The Current

Great Music Lives Here ®
Listener-Supported Music
Donate Now
The Current Music News

Music News: Compact disc sales drop to 1986 numbers

A compact disc player advertisement from the 1980s
A compact disc player advertisement from the 1980sTechnics

by Jay Gabler

March 30, 2017

Music fans who were around in the '80s remember when the compact disc was billed as the future of music — and so it was, but now the reflective digital discs are becoming a thing of the past. New data from the Recording Industry Association of America indicate that last year, only 99.4 million CDs were sold. That sounds like a lot, but it makes 2016 the first year since 1986 when CD sales didn't break 100 million.

Record labels' bank accounts bulged during the 1990s, when CDs were flying off the shelves — with many older fans replacing LPs, thus paying twice for the same music. Total music sales revenue in 2016 was $7.7 billion, only about half of what it was at its peak in 1999.

Still, the decline has finally been reversed by a rise in streaming subscriptions, which last year, for the first time, accounted for over half the total sum that U.S. consumers paid for recorded music. Thanks to the streaming boom, overall recording industry revenue last year was up 11% from 2015. (New York Times)

Bob Dylan paid tribute to Woody Guthrie (again)

In 1961, Bob Dylan left Minnesota to visit a dying Woody Guthrie in a New Jersey hospital. Last year, it's been revealed, Dylan took another trip to pay homage to his late idol: he visited the Woody Guthrie Center in Tulsa. The fact that Guthrie's archives are housed in Oklahoma helped inspire Dylan to sell his own personal archives to the University of Tulsa — which is building a Bob Dylan Center to house the material. (MPR News)

A Tribe Called Quest release new video

A Tribe Called Quest have released a new video for their song "Dis Generation." Hiro Murai (Atlanta) directed the clip, which "finds the camera panning slowly over several seemingly endless settings, moving from a subway platform filled with travelers and buskers to a crowded concert hall and finally a bustling city block," notes Rolling Stone. "Q-tip, Jarobi, and Busta Rhymes weave in and out of each scene, trading bars and dancing whenever the voice of the late Phife Dawg plays overhead."

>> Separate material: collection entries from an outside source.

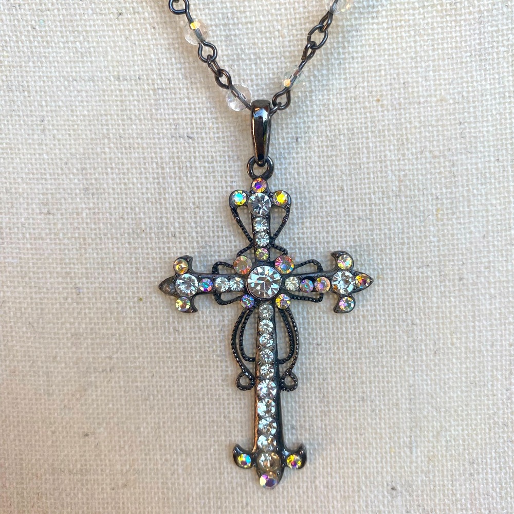 This beautiful jeweled cross has a hematite setting, showcasing the crystal and crystal AB stones. Beautiful Crystal AB beads make up the “chain” and gives it a rosary effect. The length of necklace is 18.5” plus a 3” extender.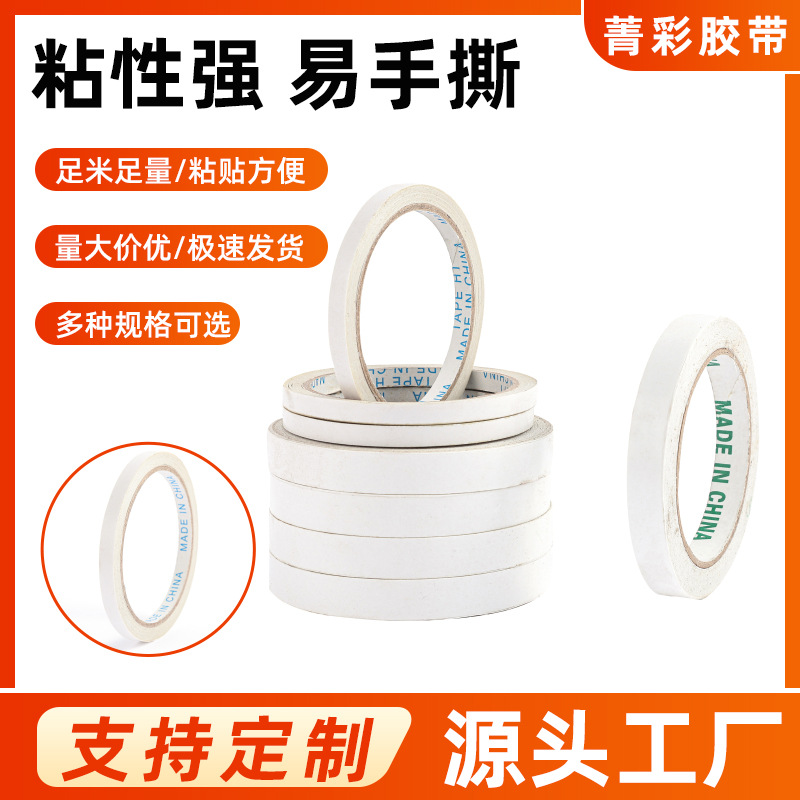 白色热熔透明双面胶高粘度双面胶带强粘性学生手工办公可手撕棉纸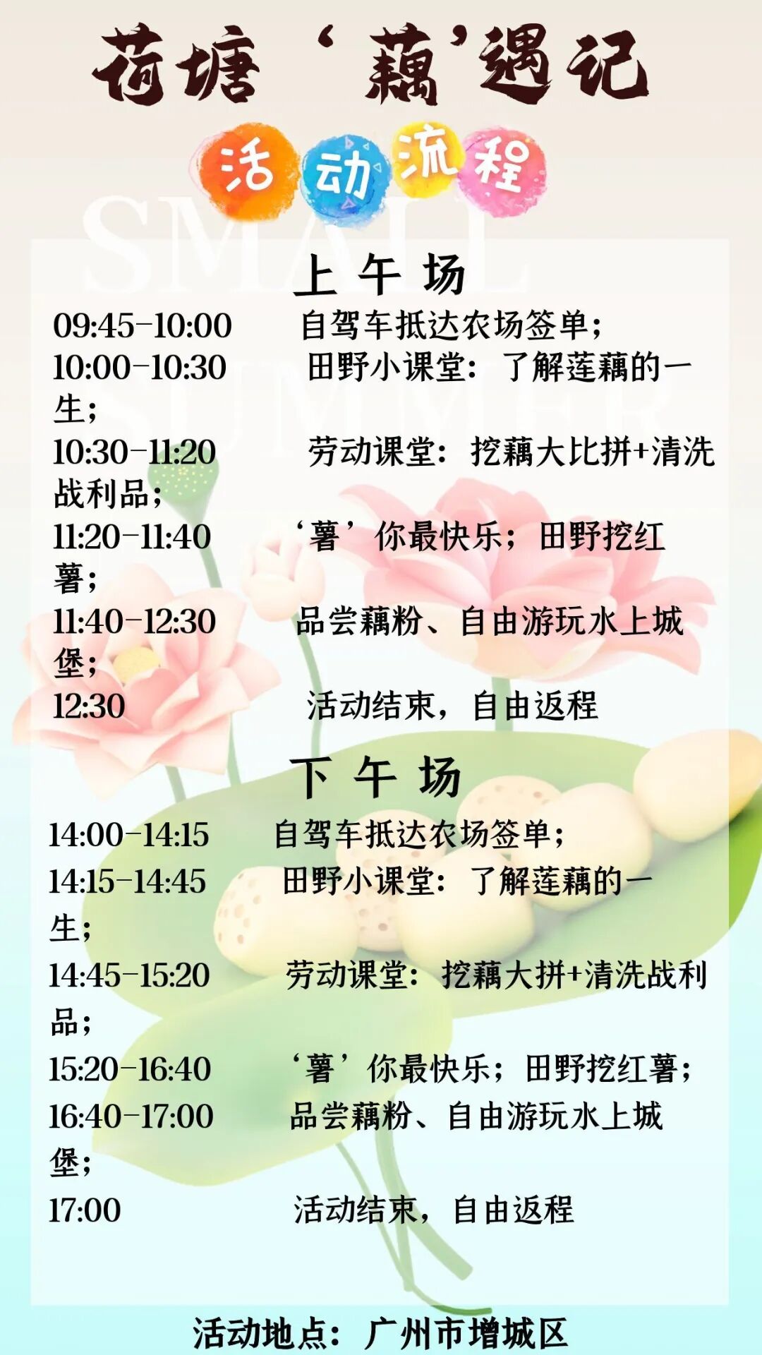 增加一成人/小孩加收100元/人,含1斤莲藕+1斤红薯、农场营位、藕粉;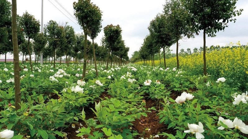 為了讓“綠葉子”變成“金票子”,黃海農場科學利用林間隙地,大力發展林下經濟,在一排排女貞樹下,油用牡丹茁壯成長。“采用女貞和油用牡丹林間套種模式,能相互取長補短,實現提產量、增效益、保生態等多贏目標。”農場林業中心主任王虎義說。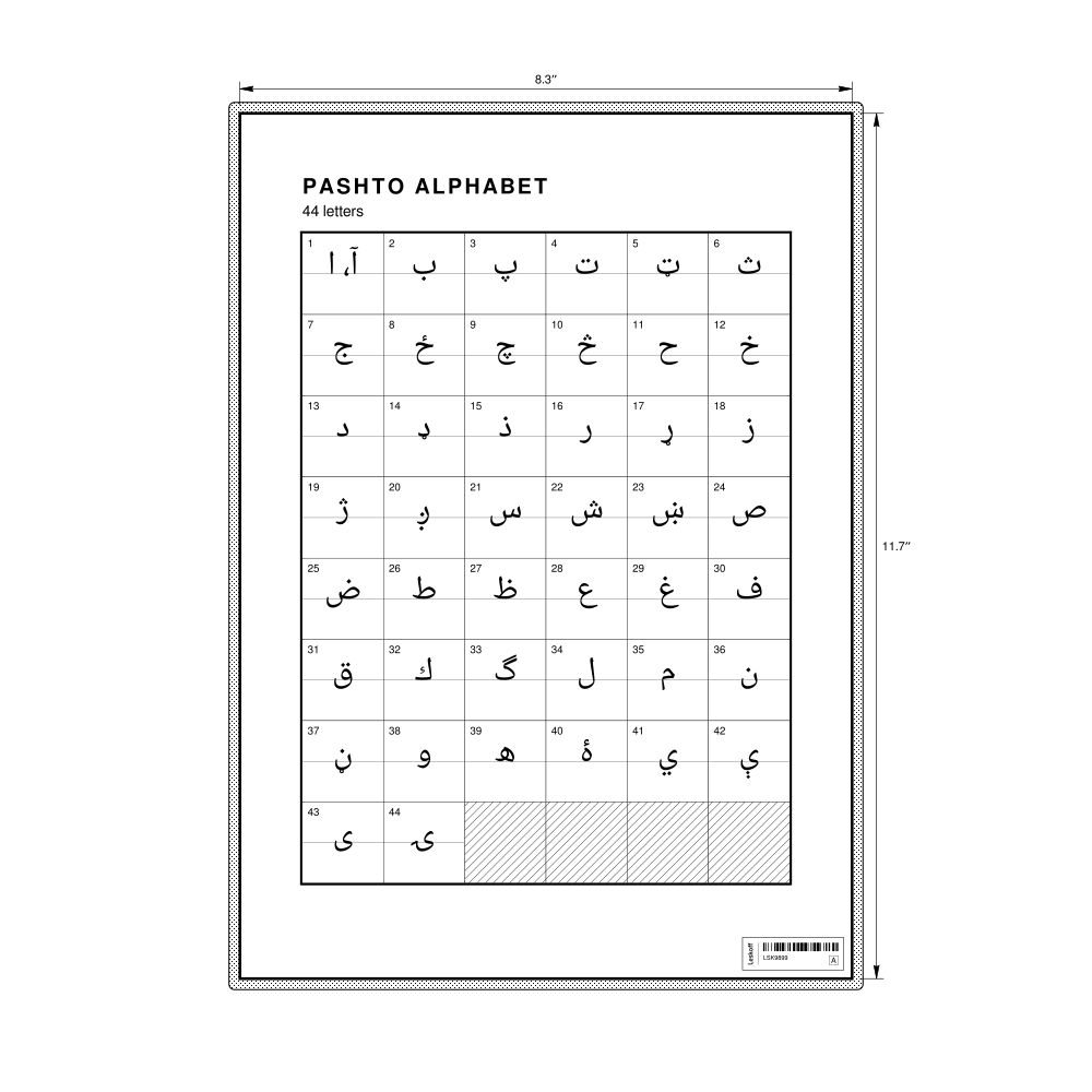 The Pashto alphabet chart (the full set of letters) in the 8.3 x 11.7 in (21.0 x 29.7 cm, desk chart, laminated) format.

Stars join bill for Merle memorial

A star-studded lineup is coming together for a Merle Haggard tribute concert to be held April 6 at the Bridgestone Arena in Nashville. The show will feature — take a deep breath — Keith Richards, Sheryl Crow, Willie Nelson, John Mellencamp, Kenny Chesney, Miranda Lambert, Dierks Bentley, Loretta Lynn, Toby Keith, Hank Williams Jr., Kacey Musgraves, Lynyrd Skynyrd, John Anderson, Bobby Bare, the Avett Brothers, Alison Krauss, Jamey Johnson, Ronnie Dunn, Alabama, Billy Gibbons (ZZ Top), Warren Haynes, Lucinda Williams, and Connie Smith. Yes, the concert will be filmed for future release. (Rolling Stone)

America's got Tallent

That's how Rolling Stone put it in a tweet about the first-ever solo tour by Garry Tallent. Best known as the bassist in Bruce Springsteen’s E Street Band — where he's the only living member to have been continuously with the band since it first came together in 1972 — Tallent stepped out last year with a debut solo LP, Break Time. The 14-date U.S. tour doesn't include any Minnesota stops, but there will be a show at the Stone Pony in Asbury Park, New Jersey on May 12. Think any special guests might show up? (Rolling Stone)

Remembering Arthur Blythe

Jazz saxophonist Arthur Blythe has died of Parkinson's disease at age 76. In the late '70s and early '80s, Blythe achieved renown for his avant-garde stylings. "He is sly," wrote a New York Times critic in 1977. "He teases the beat, toys with polyrhythms and leaves gaping holes in the fabric of the music, only to come roaring back in with plangent held tones or crisp, punching riffs."